Friday, May 30, 2008

Cornbread Eighteenth Century Style

Wednesdays at Daniel Boone are typically when we have school groups come that want to take field trips. This week we had two small groups of fourth graders come, and we showed them how to make candles, bake cornbread in a bake oven, and then we gave them a tour of the Boone house. I observed my co-worker Janelle doing the cornbread activity with the kids and I took pictures so that the Homestead could have some proof of all the nice, hands on things they do with kids.


First we set up a table with all the ingredients needed in the Bertolet Cabin, becuase that's the building closest to the bake oven.



When the kids came in we talked to them about food preparation and preservation in the eighteenth century. We explained what implements were used and how much cooking was done over a hearth. We also explained what a bakeoven was and how it was used.


And in case you don't know a bakeoven looks like a little house, like a smokehouse. Inside there is a big brick cavity that goes back several feet. Inside of this cavity you build a fire and let the bricks heat up. You let the fire burn down to coals, then scrape out the coals, and (here comes the amazing part) the bricks hold enough heat to bake whatever it si you put in there. In the eighteenth century you would probably do all of your baking for one week at on one day, and you could put a lot of pies and bread in five feet of oven space. You retrieve the food when it is done with a thing that kind of looks like a pizza paddle.
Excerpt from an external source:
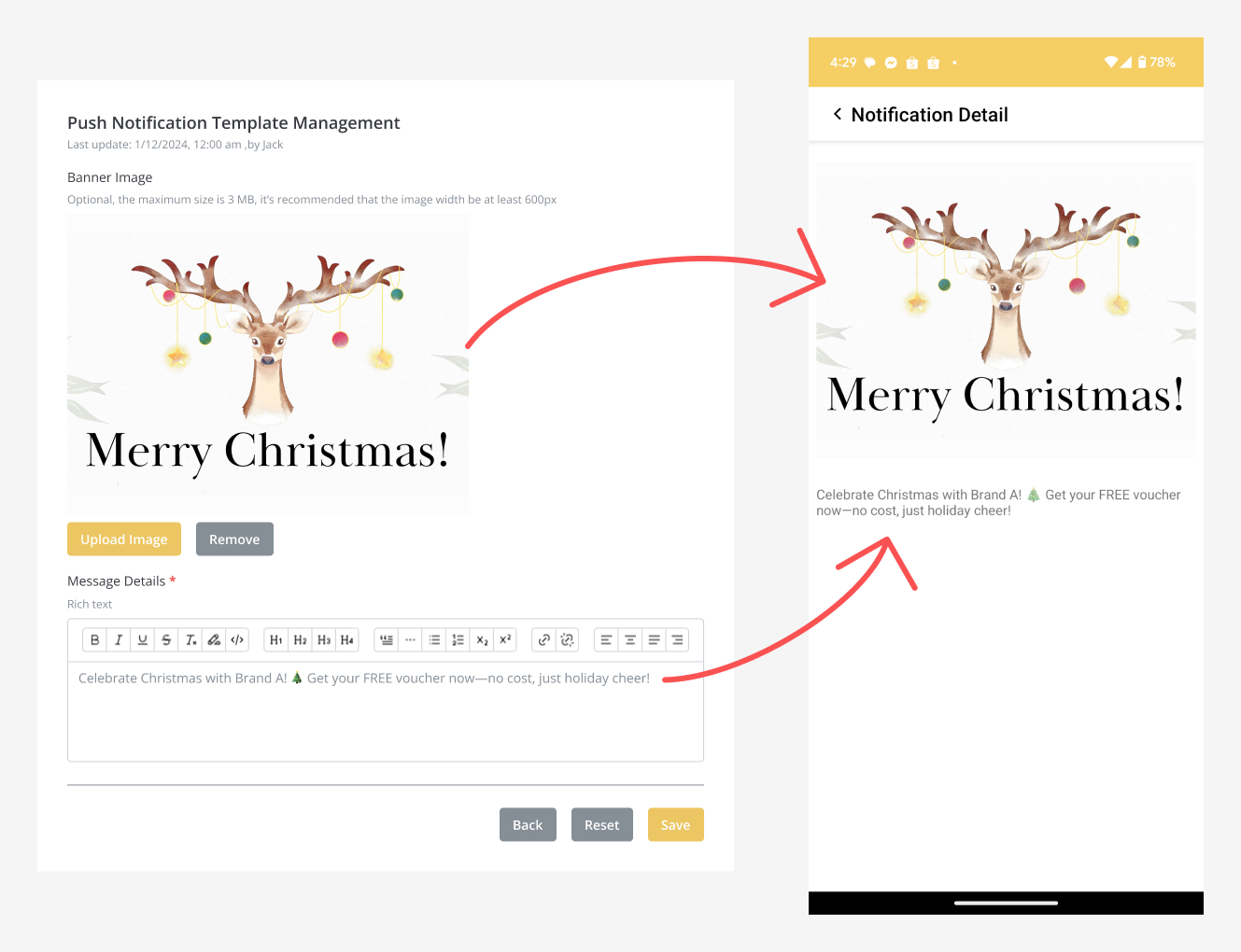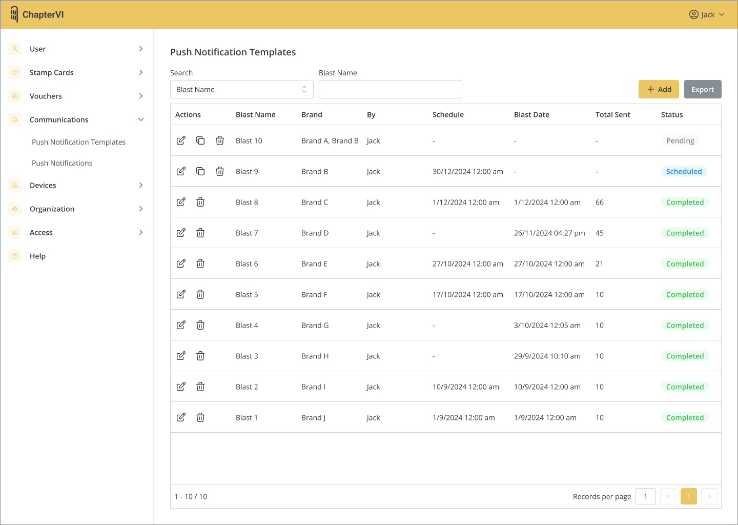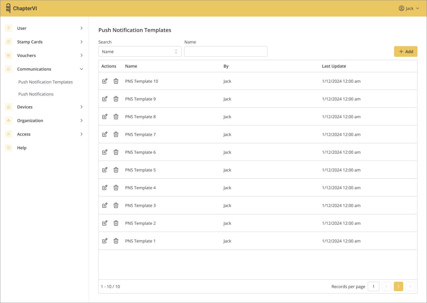 - Find “Communications”→”Push Notification Templates” in the menu.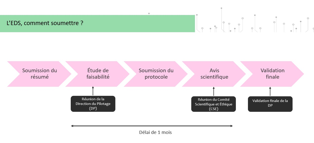 Le demandeur dépose, dans un premier temps, un résumé de son projet dont l’admissibilité sera étudiée par la DP de l’EDS (prochaine séance : mi-mars 2026). Si le projet est jugé admissible, le demandeur sera invité à soumettre un protocole de recherche qui sera étudié par le CSE pour avis scientifique. Une aide au remplissage du protocole est fournie dans le kit de soumission. C’est à la DP que revient la décision finale.

Back to the story. We then had each kid come up and at a different ingredient to the cornbread batter.



And stir.

We put the bread in the over and baked it for abotu twenty minutes. It came out a little black on the bottom, but such is prery inevitable when you're backing in a contraption like that and you aren't acustomed to doing it everyday like women in the eighteenth century would have been. The kids got to eat the cornbread afterwards. I tried a piece, and I thought it was very good, although I think I'll stick to my Jiffy corn muffin mix.